Paying travel health claims just got faster with blockchain

New technology is speeding up disbursement

Paying travel health claims just got faster with blockchain


By Alicja Grzadkowska

Getting sick during a vacation is never on a traveler’s bucket list. But if they do land in a hospital bed on a trip abroad, having an insurer send payment to healthcare providers quickly can provide relief to an already stressful situation.

Blockchain is one technology helping to speed up this process, from days to hours, and even minutes.

“The role that it plays is it does something called instant settlement,” explained Corinne MacMillan, chief technology officer at Cambridge Global Payments. “Most of the blockchain structures have an instant settlement between the parties, Party A and Party B. What that results in is the payment delivery is much more instant because there isn’t a process outside of the rail that the payment is traveling down that deals separately with the settlement.”

The software out of Cambridge Global Payments is now being used by insurers who want to expedite the claims payment process for their clients. The company has taken the route of so-called in-country clearing rails, rather than traditional international payment rails, so that funds come from Cambridge Global Payments’ liquidity bank in Mexico and go directly to a hospital’s network in that country.

Besides the speed of the transaction, another benefit of using blockchain in these claims is the transparency in the transaction. 
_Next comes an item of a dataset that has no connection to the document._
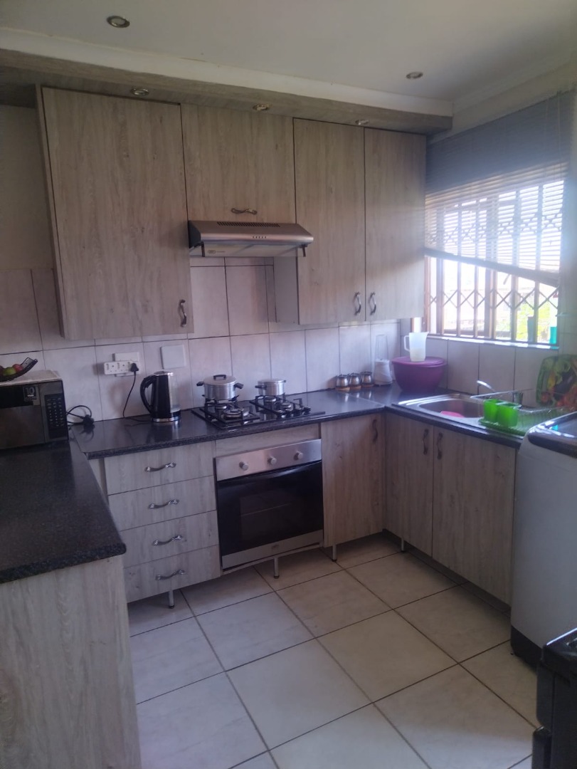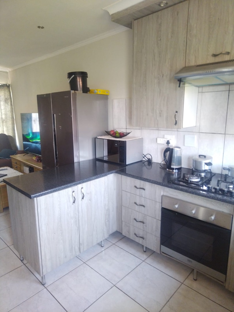 This contemporary residence offers a refined rental opportunity within the established suburban estate of Quellerie Park, Krugersdorp. Spanning a generous 375.00 square metres, this property is meticulously designed for comfortable living, featuring three well-proportioned bedrooms and two bathrooms, including a private en-suite for the main bedroom. The interior boasts an inviting open-plan layout, seamlessly connecting the lounge area with a modern kitchen, ideal for both daily living and entertaining. The kitchen is a focal point, equipped with sleek light wood-grain cabinetry, durable dark granite-style countertops, and integrated appliances including a built-in oven, gas hob, and extractor fan. Tiled flooring extends throughout the entire home, ensuring both aesthetic appeal and ease of maintenance. Recessed ceiling lighting enhances the contemporary ambiance, while security bars on windows and a security gate provide peace of mind. The property further benefits from a gas geyser, contributing to energy efficiency. Externally, the residence provides practical amenities including a double garage and two additional parking spaces, catering to multiple vehicles. A private garden offers a tranquil outdoor space, ideal for relaxation or recreation, and the property is pet-friendly, accommodating furry companions. Situated within a suburban estate, residents benefit from a secure environment with controlled access. Quellerie Park is a desirable residential area in Krugersdorp, offering convenient access to local amenities and transport links, making it an excellent choice for families or professionals seeking a well-appointed home. Key Features: * Three Bedrooms, Two Bathrooms (One En-suite) * Modern Open-Plan Kitchen with Gas Hob * Tiled Flooring Throughout * Double Garage and Two Parking Spaces * Private Garden * Pet-Friendly * Enhanced Security with Burglar Bars and Security Gate * Gas Geyser

“Both parties will be on this blockchain and be able to see each other’s instruction in detail on the whereabouts of the payment,” said the CTO. There are also lower intermediary fees so the payment goes to the client or their provider at full value.

Though many are familiar with blockchain because of its close ties to digital currencies, MacMillan sees potential in the technology in a range of industries for the future, and not just health insurance claims.

“In the payments industry alone, we see a very wide adoption, but I think we’re all at early stages,” she explained. “We’re all trying to figure out what use cases make sense, how can we leverage the technology to better suit and add value for our customers.”